On November 16, 2015, CMS finalized the Comprehensive Care for Joint Replacement (CJR) model. Starting April 1, 2016, certain hospitals will receive retrospective bundled payments for lower extremity joint replacement (LEJR) or lower extremity reattachment, including all related care provided within 90 days of discharge. In general, IPPS hospitals located in 67 metropolitan statistical areas (MSAs) are required to participate—an estimated 800 hospitals total. This is a reduction from the 75 MSAs proposed by CMS. The program will run for five performance periods through December 31, 2020, and is estimated to save Medicare approximately $343 million.
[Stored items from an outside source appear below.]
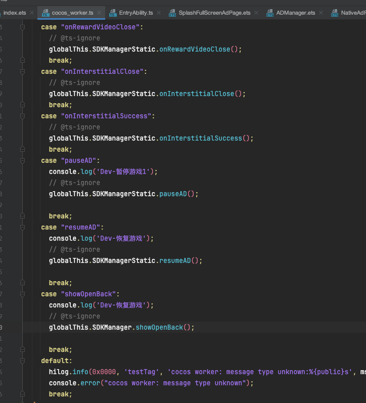 就是还是通过worker来实现,当你用在cocos的ts脚本中使用globalThis.oh.postSyncMessage(messageType,messageData)时,他会去在鸿蒙工程里的cocos_worker.ts里使用nativeContext.postSyncMessage,
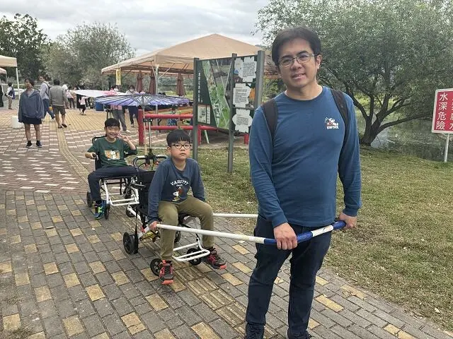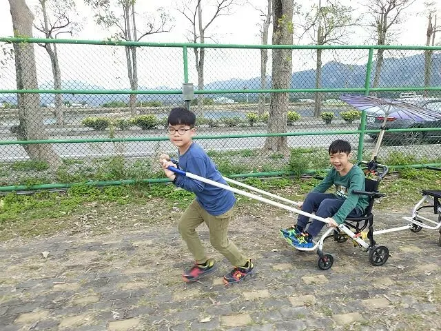 池畔區還有一個人力拉車的設施,滿有趣的。不過要由大人操作比較安全,佐佑兩兄弟拍拍照後,就由我來拉車囉!
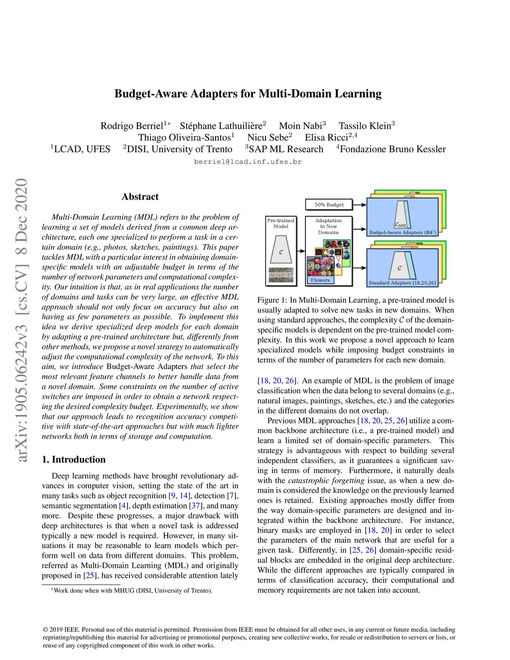 Multi-Domain Learning (MDL) refers to the problem of learning a set of models derived from a common deep architecture, each one specialized to perform a task in a certain domain (e.g., photos, sketches, paintings). This paper tackles MDL with a particular interest in obtaining domain-specific models with an adjustable budget in terms of the number of network parameters and computational complexity. Our intuition is that, as in real applications the number of domains and tasks can be very large, an effective MDL approach should not only focus on accuracy but also on having as few parameters as possible. To implement this idea we derive specialized deep models for each domain by adapting a pre-trained architecture but, differently from other methods, we propose a novel strategy to automatically adjust the computational complexity of the network. To this aim, we introduce Budget-Aware Adapters that select the most relevant feature channels to better handle data from a novel domain. Some constraints on the number of active switches are imposed in order to obtain a network respecting the desired complexity budget. Experimentally, we show that our approach leads to recognition accuracy competitive with state-of-the-art approaches but with much lighter networks both in terms of storage and computation.

LEJR episodes of care are limited to MS-DRGs 469 and 470 (major joint replacement or reattachment of lower extremity with and without Major Complication or Comorbidities). CMS specifically targeted LEJR episodes because they “are high-expenditure, high utilization procedures . . . [with] significant variation in spending . . . .” Payment will bundle together the LEJR procedure and inpatient stay and all related care covered under Medicare Parts A and B within 90 days of discharge, including hospital care, post-acute care, and physician services. Under the model, a participating hospital could contract with other providers and suppliers (skilled nursing facilities, long-term care hospitals, rehabilitation facilities, physicians, etc.) to share payments and penalties, with some limitations.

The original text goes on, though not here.